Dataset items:
■ ■ ■ ■ ■ ■ ■

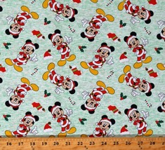 Cotton Mickey Mouse Christmas Santa Stockings Candy Canes Disney Kids Green Cotton Fabric Print by the Yard (1902-6251)
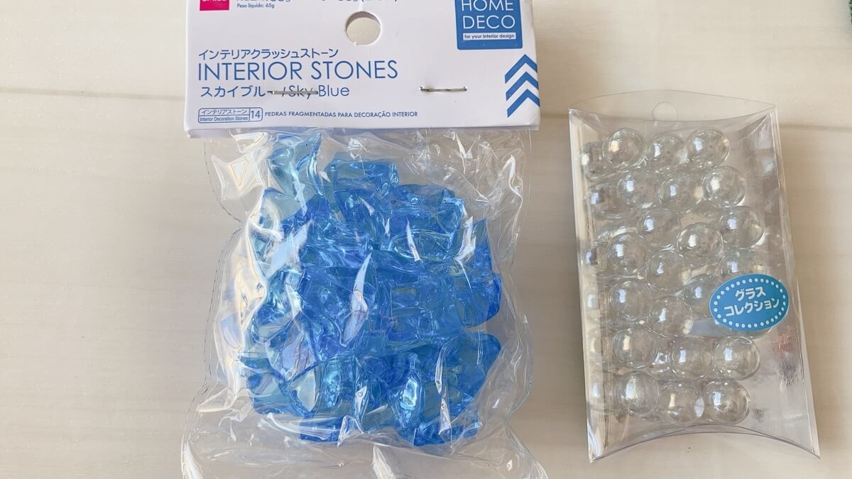 今回は手早くボトルを立ち上げられるように、ダイソーで購入したビー玉やインテリアストーンを使用しました。
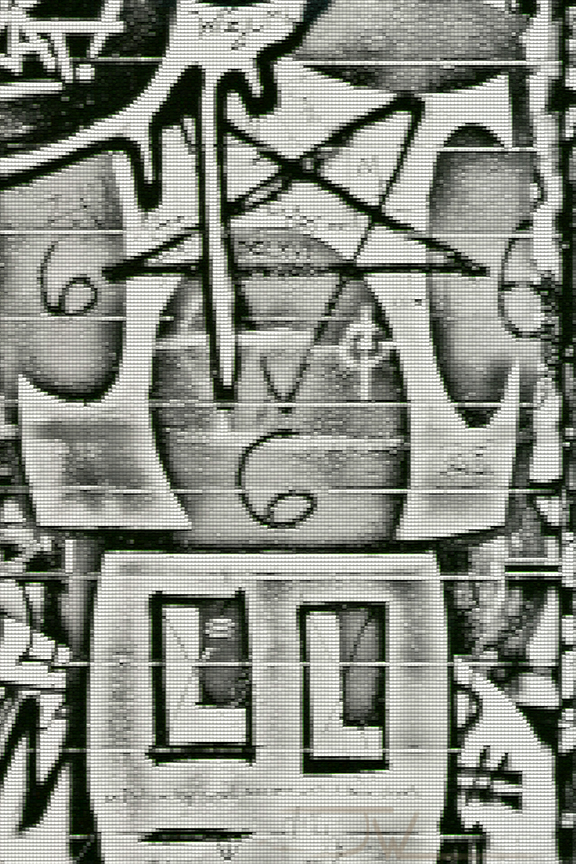 This is a photo of some graffiti that was scanned from a digital image on a first generation ipads screen.
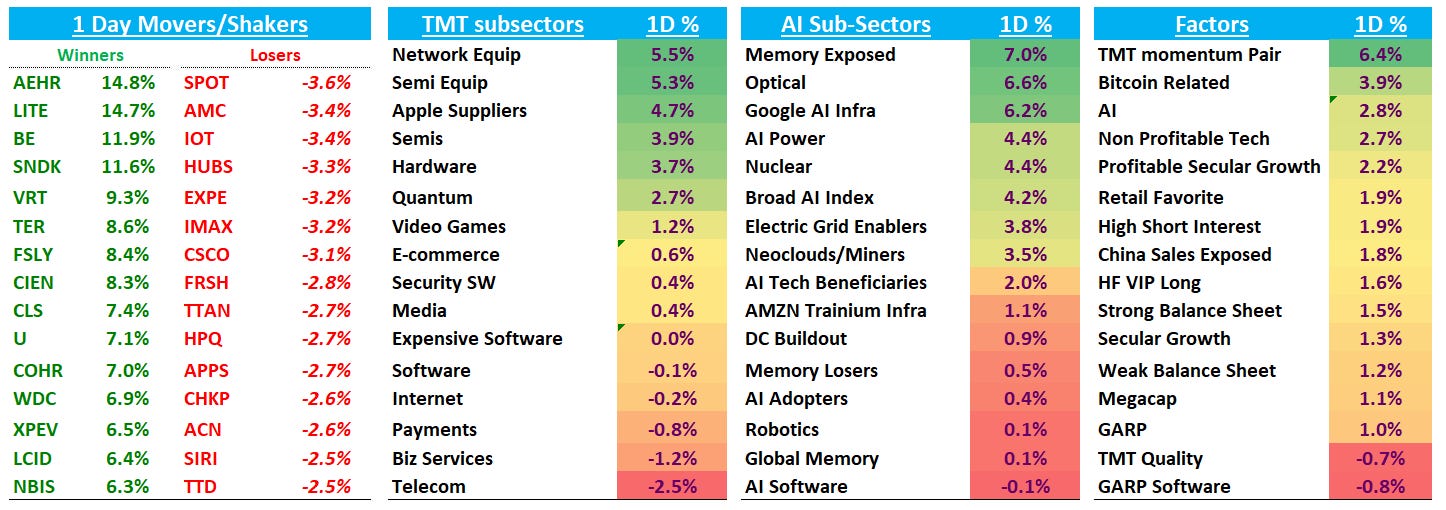 Outside of macro, AI semis caught a strong bid with SOX +4% vs internet/software flat, reversing some of the underperformance last week. AI infrastructure led the tape: Memory Exposed +7%, Optical +6.6%, Google AI Infra +6.2% with a strong bid across AI names and several like LITE, BE, SNDK, VRT up double digits. Software lagged and the perceived “safe havens” like SPOT -3.5% underperformed.
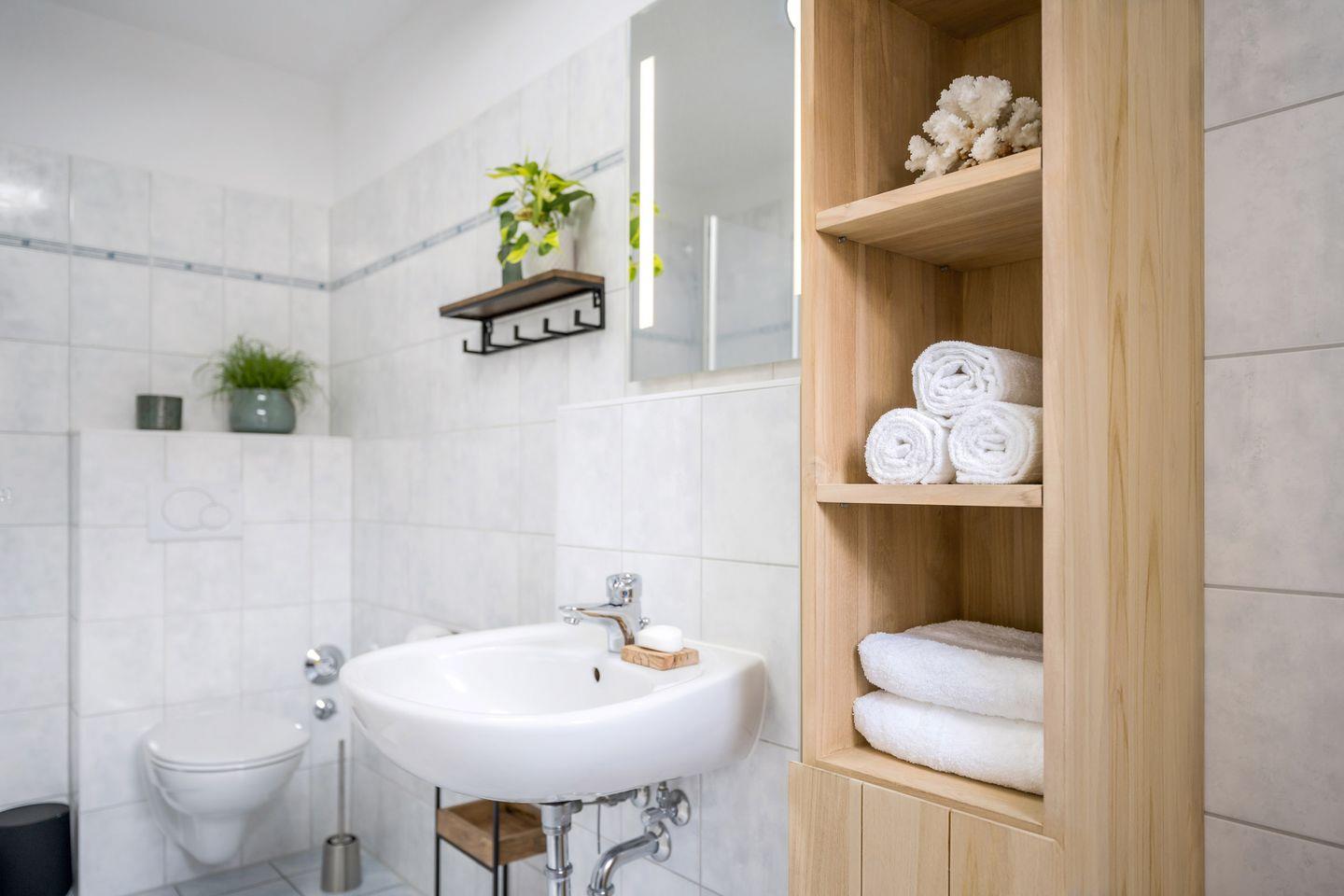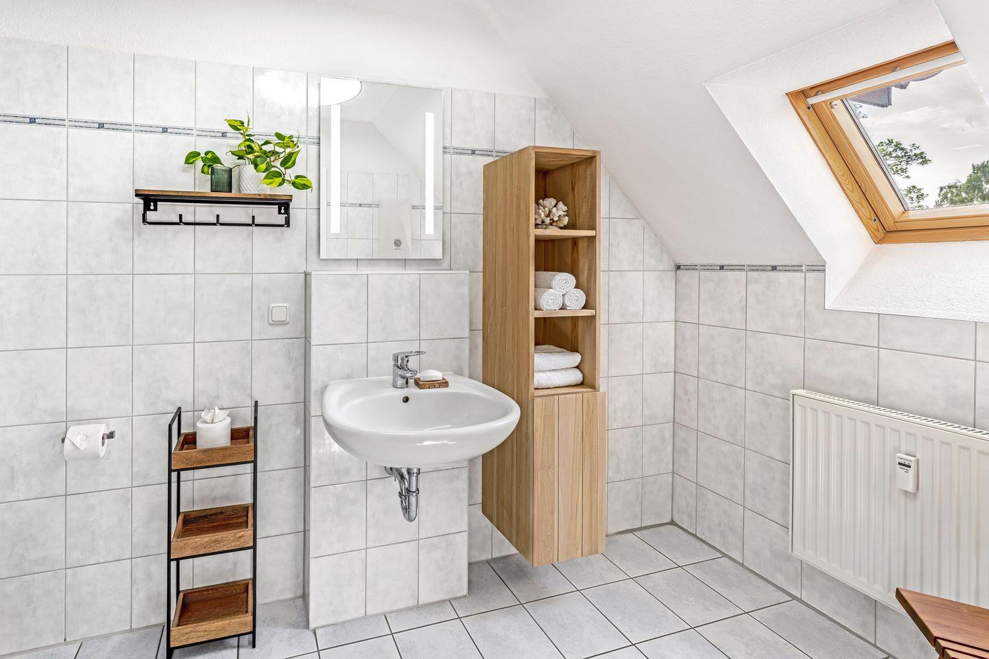 Ein modernes Badezimmer mit ebenerdiger Dusche/WC, Waschbecken komplettiert das Angebot.

■ ■ ■ ■ ■ ■ ■

WHAT YOU NEED TO DO:
Line by line, restate the data above exactly as it stands, minus the pictures.

ANSWER FOR THIS EXERCISE:
 Cotton Mickey Mouse Christmas Santa Stockings Candy Canes Disney Kids Green Cotton Fabric Print by the Yard (1902-6251)
 今回は手早くボトルを立ち上げられるように、ダイソーで購入したビー玉やインテリアストーンを使用しました。
 This is a photo of some graffiti that was scanned from a digital image on a first generation ipads screen.
 Outside of macro, AI semis caught a strong bid with SOX +4% vs internet/software flat, reversing some of the underperformance last week. AI infrastructure led the tape: Memory Exposed +7%, Optical +6.6%, Google AI Infra +6.2% with a strong bid across AI names and several like LITE, BE, SNDK, VRT up double digits. Software lagged and the perceived “safe havens” like SPOT -3.5% underperformed.
 Ein modernes Badezimmer mit ebenerdiger Dusche/WC, Waschbecken komplettiert das Angebot.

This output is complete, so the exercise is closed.